Although the present study focused on Baduanjin movements, the proposed IMU-based formative assessment framework is not limited to this discipline. With appropriate adjustments to the reference motion library and accuracy criteria, the system could be applied to assess other structured movement practices, such as Tai Chi, yoga, and martial arts, as well as technical skills in sports like gymnastics, golf, and swimming. Beyond sports and traditional exercises, the approach could be extended to rehabilitation and physical therapy settings to monitor patients’ progress, provide objective feedback, and support remote or home-based training. These examples illustrate the potential for broader application of this technology in movement assessment and skill acquisition monitoring across diverse domains.

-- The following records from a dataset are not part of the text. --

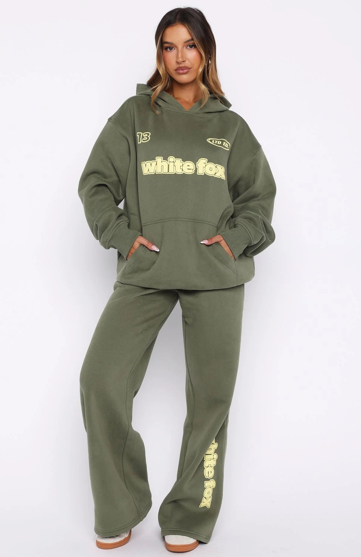 Studying has never looked cuter in the Ready To Go Oversized Hoodie in Khaki! Features a hood, slouched shoulders, long sleeve with ribbed cuffs, ribbed hemline, softest fleece lining and signature puff print White Fox text and graphic centre front. Complete the look with the matching You're Not Allowed Wide Leg Sweatpants Khaki.
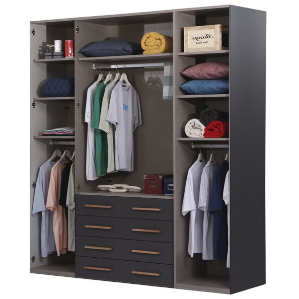 2 Kapılı Ana Kabin + 1 Kapılı İlave Kabin (2 Adet) + Yonga Levha Kapak (2 Adet) + 2 Kapak + Çekmeceleri (1 Adet)
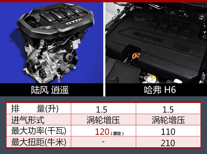 从国家工信部公布的信息可知,陆风逍遥将搭载一台型号为JX4G15A5L 1.5升涡轮增压发动机,额定功率120千瓦,百公里综合油耗7.6升。同级别车型中,哈弗H6所搭载的1.5升涡轮增压发动机,额定功率110千瓦。通过对比后发现,陆风逍遥所搭载的1.5T发动机,在数据输出方面超越竞品车型。
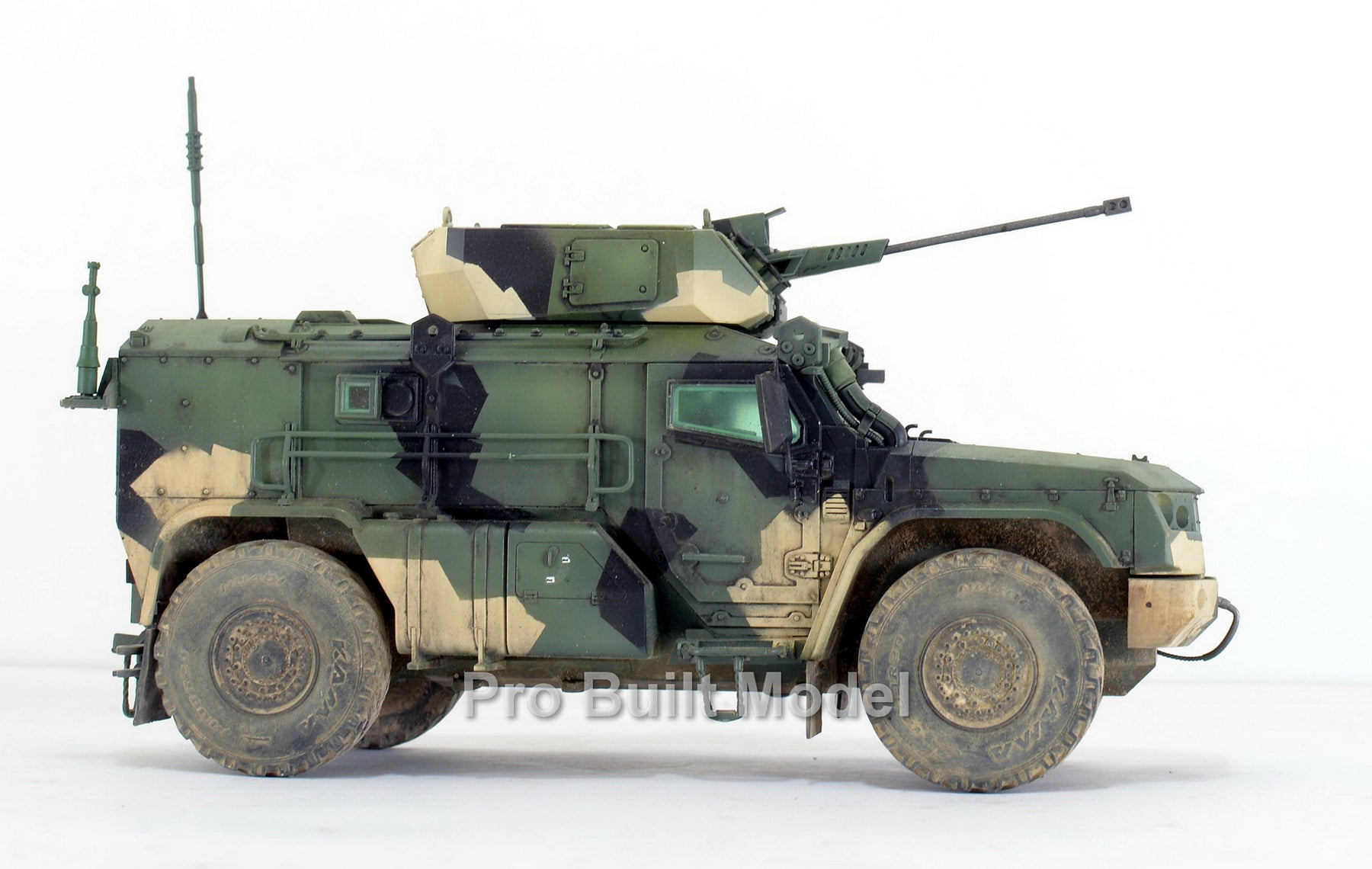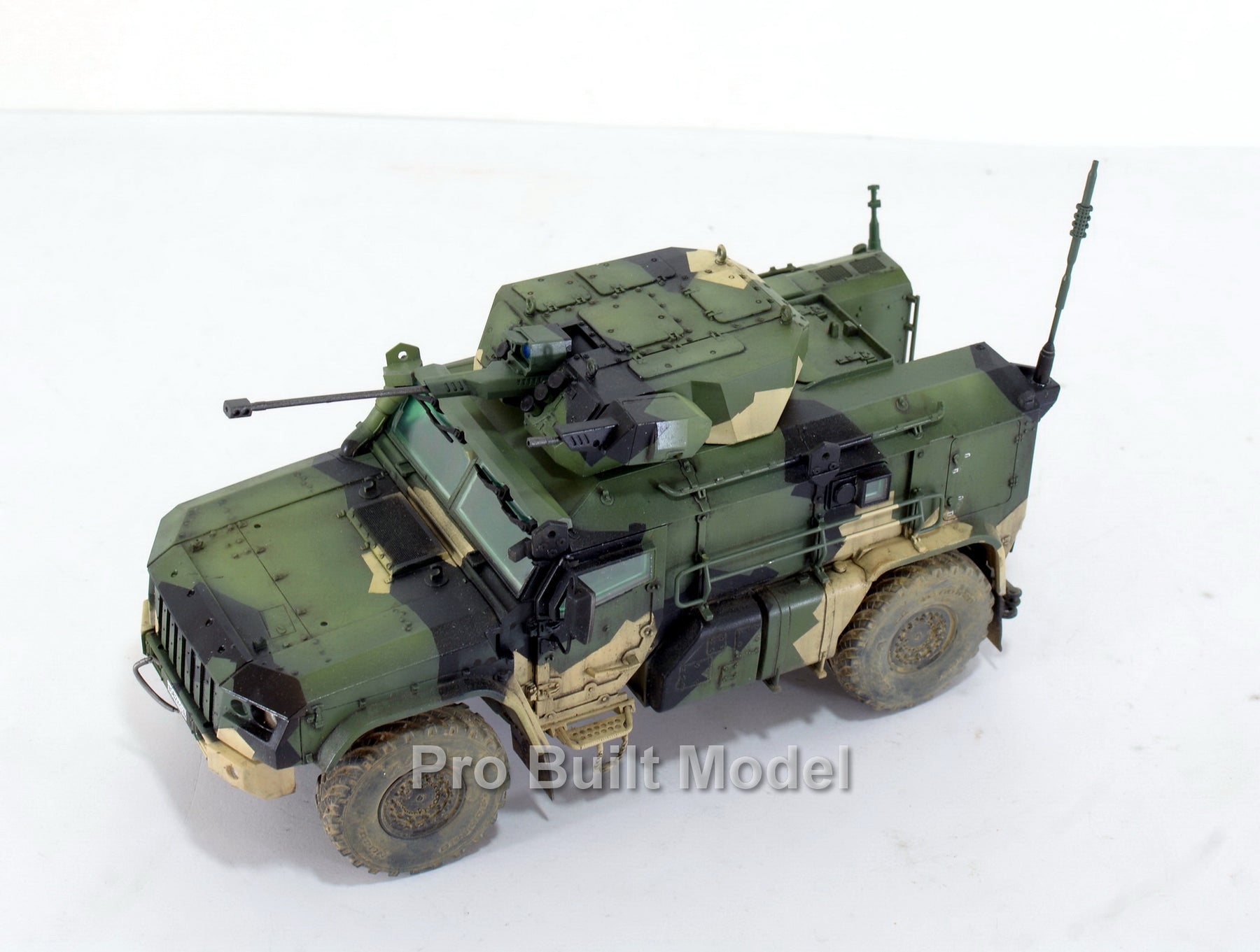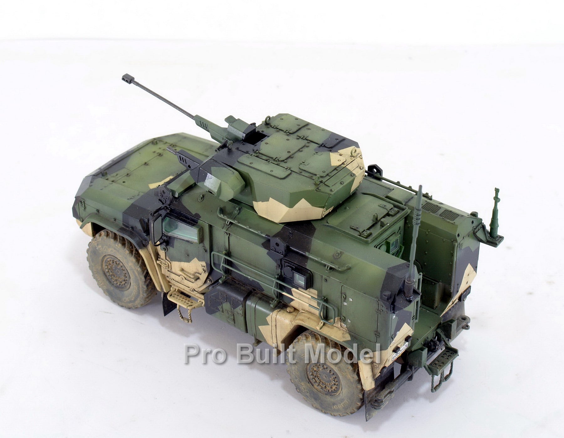 This model is carefully assembled, painted, and weathered to replicate realistic operational conditions. The camouflage pattern, dust effects, and subtle detailing bring the vehicle to life, making it an excellent display piece for collectors of modern military vehicles and scale model enthusiasts.

This study has several limitations that should be considered when interpreting the findings. The sample consisted of full-time students from a single institution, which may limit the generalizability of the results to other populations. Future research should recruit participants from a wider range of age groups, backgrounds, and physical ability levels to improve external validity. The IMU-based assessment system was tested in a controlled indoor setting, and its performance under different environmental conditions was not evaluated. Further studies should assess its reliability and accuracy in varied real-world contexts, such as outdoor classes or settings with limited space. The evaluation framework focused primarily on kinematic accuracy and did not incorporate physiological or perceptual measures, which could provide a more comprehensive understanding of learning outcomes. Future work could integrate motion data with physiological indicators and self-reported measures. Finally, while the system demonstrated potential for enhancing formative assessment, the need for technical setup and calibration may hinder large-scale adoption in schools with limited resources. Streamlining system deployment and automating data processing should be priorities for future development to support broader implementation.